→ **Provided data**:
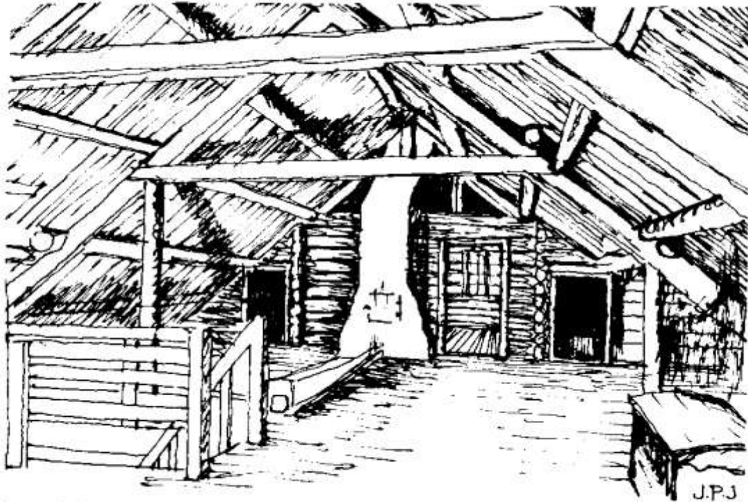
Perspektiv av loftet.

Den nye, store bygningen fikk et representativt eksteriør, spesielt fronten mot vest. Her er midtpartiet markert med et lite sprang frem i vegglivet, som har fått liggende kledning og med kvadre på hjørnene. Listverket fikk her empirens sirlige preg, mens veggene på siden av midtfeltet har stående kledning og en mer nøktern belistning. Mot øst har fasaden fått et helt annet preg, med kraftige, profilerte overliggere av varierende bredde, en tredje utgave av vinduslister og med svalgangen som et markant innslag.
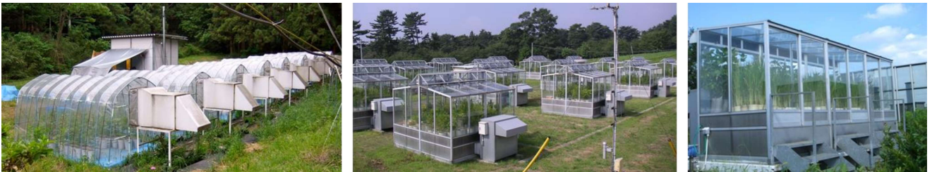
図 4 グリーンハウス型のフィールドチャンバー (東京農工大学, 東京都八王子市) (左) とガラス温室型のオープントップチャンバー (中央: 電力中央研究所, 群馬県前橋市; 右: 埼玉県環境科学国際センター, 埼玉県加須市)

→ **Task brief**: Your job is to reproduce the material exactly. Keep pictures out of it.

→ **The completed task**:
Perspektiv av loftet.

Den nye, store bygningen fikk et representativt eksteriør, spesielt fronten mot vest. Her er midtpartiet markert med et lite sprang frem i vegglivet, som har fått liggende kledning og med kvadre på hjørnene. Listverket fikk her empirens sirlige preg, mens veggene på siden av midtfeltet har stående kledning og en mer nøktern belistning. Mot øst har fasaden fått et helt annet preg, med kraftige, profilerte overliggere av varierende bredde, en tredje utgave av vinduslister og med svalgangen som et markant innslag.
図 4 グリーンハウス型のフィールドチャンバー (東京農工大学, 東京都八王子市) (左) とガラス温室型のオープントップチャンバー (中央: 電力中央研究所, 群馬県前橋市; 右: 埼玉県環境科学国際センター, 埼玉県加須市)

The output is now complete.